Transit programs celebrate expanded Gorge services

HUB of activity: Saturday’s transportation celebration at the waterfront at Riverside Drive and First Street.

Photo by Trisha Walker
HUB of activity: Saturday’s transportation celebration at the waterfront at Riverside Drive and First Street.

A “transportation celebration” happened at Hood River’s new bus stop at the waterfront Saturday, as a small crowd enjoyed coffee, donuts and some banjo tunes from Mayor Paul Blackburn, all as a way to bring attention to a variety of transportation links available in the Gorge.

“We were thrilled, for a transportation event, there were lots of people there,” said CAT board member Leanne Hogie. “And we almost ran out of materials both for the CAT schedule and the trolley, and there was lots of interest in the fixed route service.”

“We hope people will use it,” said Hogie, announcing that the CAT fixed route service — in Hood River only — will be free through July 11. Riders can catch it at designated stops or flag it down, she said.

Hogie noted that “The trolley is a fun thing for weekends, CAT bus is Monday through Friday.”

The bus stop at the Port of Hood River, between the Event Site and the Hood River Valero Gas Station, is the place to catch three services:

CAT bus, which on June 11 officially began Monday-Friday service on four fixed routes;

Columbia Gorge Express, which inaugurated its Hood River service last month;

Hood River trolley, which runs free service to the Heights and downtown and the waterfront.

CAT has just expanded service around town, the Hood River Valley and to The Dalles, on a new fixed route schedule indicated by new signage that’s cropping up like spring starters.

One makes the trip between Hood River and The Dalles about eight times a day, another goes from Hood River to Cascade Locks about seven times a day, one between Hood River City and Upper Valley that makes about nine roundtrips a day, and one in downtown Hood River that offers about 12 roundtrips a day.

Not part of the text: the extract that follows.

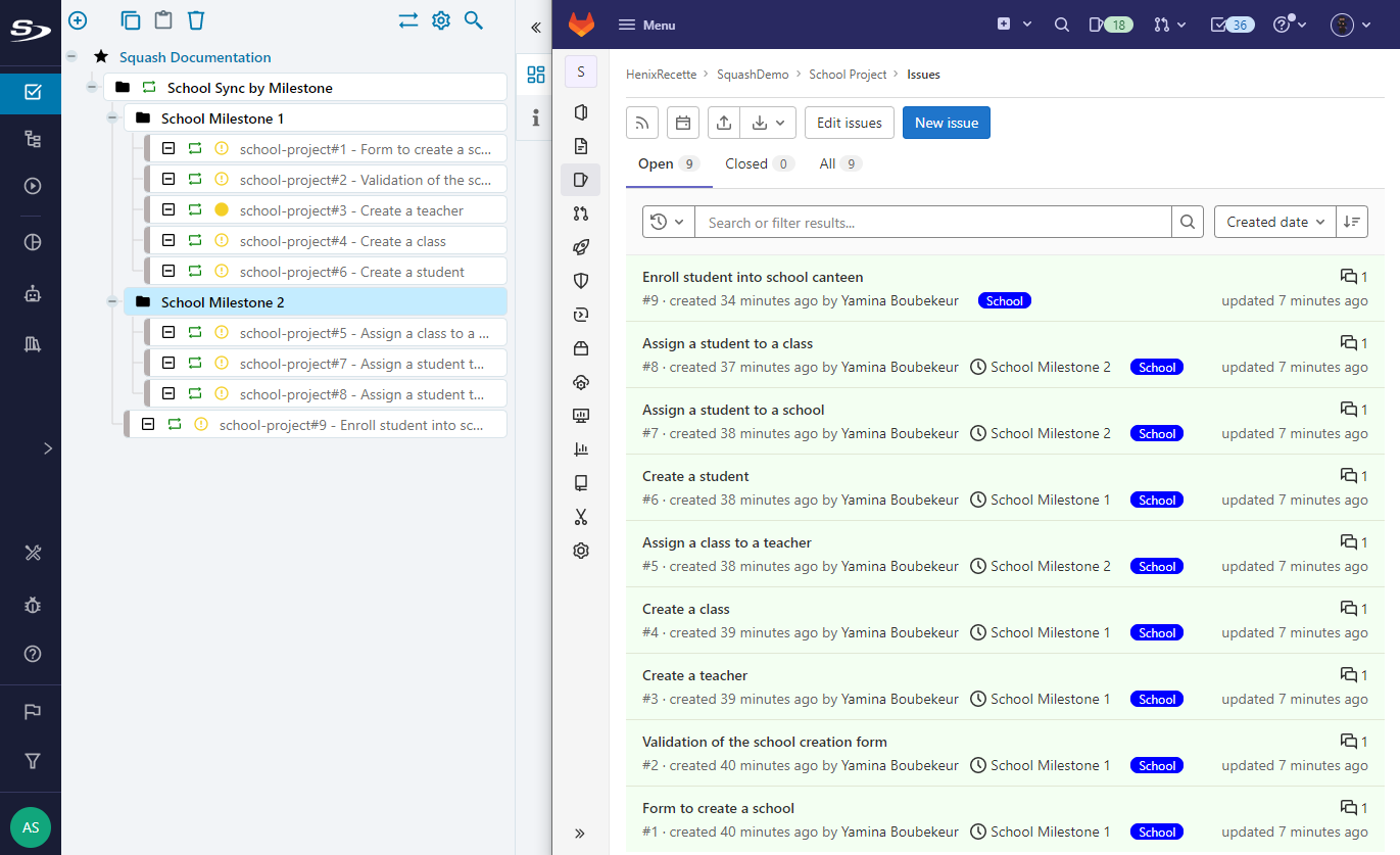 If an issue is linked to another iteration or milestone in GitLab or is not linked to an iteration or milestone anymore, it is automatically moved in the matching folder in Squash TM.

On the fixed routes, one-way fare in Hood River and Wasco Counties is $1 and kids under the age of seven can ride free with an adult.

To Cascade Locks, one-way fare for non-residents is $2.50. Hood River County Residents will be charged the standard $1 fare. One-way fare for an ADA, paratransit or Dial-a-Ride service for those unable to use the fixed routes is $2.

The trolley is free, but donations are accepted on behalf of the Hood River Shelter Services program, which assists the homeless in Hood River.

Columbia Gorge Express makes several runs daily to Cascade Locks and Gateway in Portland and back. The waterfront bus station, with a new covered shelter, serves as a temporary transit hub for all of TransLink’s services passing through Hood River, as well as a Greyhound bus stop.